Aim of the task:
Scan the data below and give the number of lines that include the word "Front", with no other words.

Data in this exercise:
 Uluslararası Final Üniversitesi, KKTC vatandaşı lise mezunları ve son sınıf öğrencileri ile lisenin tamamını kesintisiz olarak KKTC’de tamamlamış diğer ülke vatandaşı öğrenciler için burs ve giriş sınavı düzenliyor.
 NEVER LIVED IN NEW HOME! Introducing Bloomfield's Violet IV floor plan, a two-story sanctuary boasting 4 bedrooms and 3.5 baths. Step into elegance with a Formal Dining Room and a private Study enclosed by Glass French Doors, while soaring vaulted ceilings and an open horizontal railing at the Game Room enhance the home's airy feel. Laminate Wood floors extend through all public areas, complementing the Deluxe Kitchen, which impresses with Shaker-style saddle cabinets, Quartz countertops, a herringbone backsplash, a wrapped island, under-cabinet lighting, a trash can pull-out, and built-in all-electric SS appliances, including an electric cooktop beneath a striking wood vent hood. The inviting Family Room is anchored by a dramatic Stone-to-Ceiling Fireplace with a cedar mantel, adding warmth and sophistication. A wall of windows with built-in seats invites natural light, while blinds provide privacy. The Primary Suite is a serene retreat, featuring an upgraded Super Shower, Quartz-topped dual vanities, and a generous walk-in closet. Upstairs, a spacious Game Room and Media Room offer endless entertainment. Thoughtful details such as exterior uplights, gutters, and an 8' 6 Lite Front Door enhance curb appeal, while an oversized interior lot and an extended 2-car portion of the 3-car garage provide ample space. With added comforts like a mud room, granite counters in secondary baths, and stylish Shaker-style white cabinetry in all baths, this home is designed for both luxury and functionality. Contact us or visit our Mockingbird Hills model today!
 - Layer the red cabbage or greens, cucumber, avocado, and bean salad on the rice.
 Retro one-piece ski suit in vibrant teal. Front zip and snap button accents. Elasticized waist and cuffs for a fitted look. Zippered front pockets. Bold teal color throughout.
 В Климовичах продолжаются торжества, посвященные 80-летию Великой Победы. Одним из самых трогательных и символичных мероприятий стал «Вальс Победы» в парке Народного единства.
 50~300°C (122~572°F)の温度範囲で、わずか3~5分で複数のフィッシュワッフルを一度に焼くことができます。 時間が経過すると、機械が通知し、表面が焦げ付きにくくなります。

Result for this exercise:
2